JP 2011-140148 A JP 2011-221493 A

Claims (10)

A resinous optical element,
A main body portion, and a fine structure portion provided on at least one of an incident-side optical surface and an emission-side optical surface in the main body portion,
The fine structure portion includes a plurality of columnar bodies, and at least a part of the plurality of columnar bodies has a longitudinal direction coinciding with a principal axis direction of birefringence in the main body portion.   2. The optical element according to claim 1, wherein the at least some of the plurality of columnar bodies are arranged at an interval shorter than a wavelength of incident light.

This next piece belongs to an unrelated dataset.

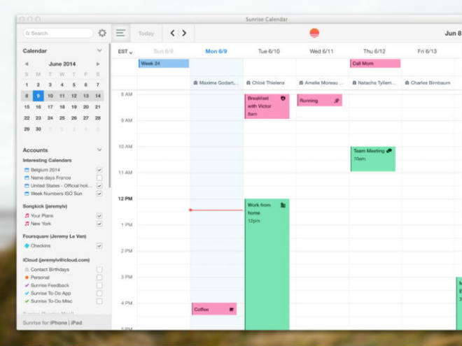 Y definitivamente Sunrise tiene todo lo que uno busca en un calendario: diseño llamativo, la posibilidad de tener en un solo sitio todos los eventos de Facebook, Google, iCloud, actualización en tiempo real, el acceso a diferentes calendarios a nivel mundial o calendarios temáticos, así como un buscador que les permite a los usuarios ingresar una palabra clave para ir directamente a determinados eventos.
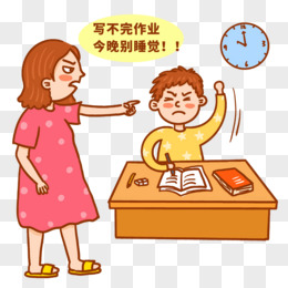 手绘卡通妈妈辅导写作业表情包免抠元素

In at least a part of the plurality of columnar bodies, δ _{s +} δ _r = 2mπ is satisfied using the phase difference δ _r in the main body portion, the phase difference δ _s in the fine structure portion, and an integer m. The optical element according to claim 1 or 2.   The optical element according to any one of claims 1 to 3, wherein the at least some of the plurality of columnar bodies have different heights depending on a phase difference in the main body portion.   The optical element according to any one of claims 1 to 4, wherein the plurality of columnar bodies are aligned in a longitudinal direction.   The optical element according to any one of claims 1 to 5, wherein the columnar body is a rectangular parallelepiped. A scanning optical system including an optical element disposed on an optical path of light deflected by an optical deflector,
A scanning optical system, wherein the optical element is the optical element according to claim 1. Two light beams having different polarization directions are incident on the optical element through the same optical path,
The scanning optical system according to claim 7, further comprising polarization separation means for separating an optical path of the two lights via the optical element. A light source device;
An optical deflector for deflecting light from the light source device;
9. An optical scanning apparatus comprising: the scanning optical system according to claim 7 or 8, wherein the light deflected by the optical deflector is guided to a surface to be scanned. An image carrier;
An image forming apparatus comprising: the optical scanning device according to claim 9, wherein the image carrier is scanned with light modulated in accordance with image information.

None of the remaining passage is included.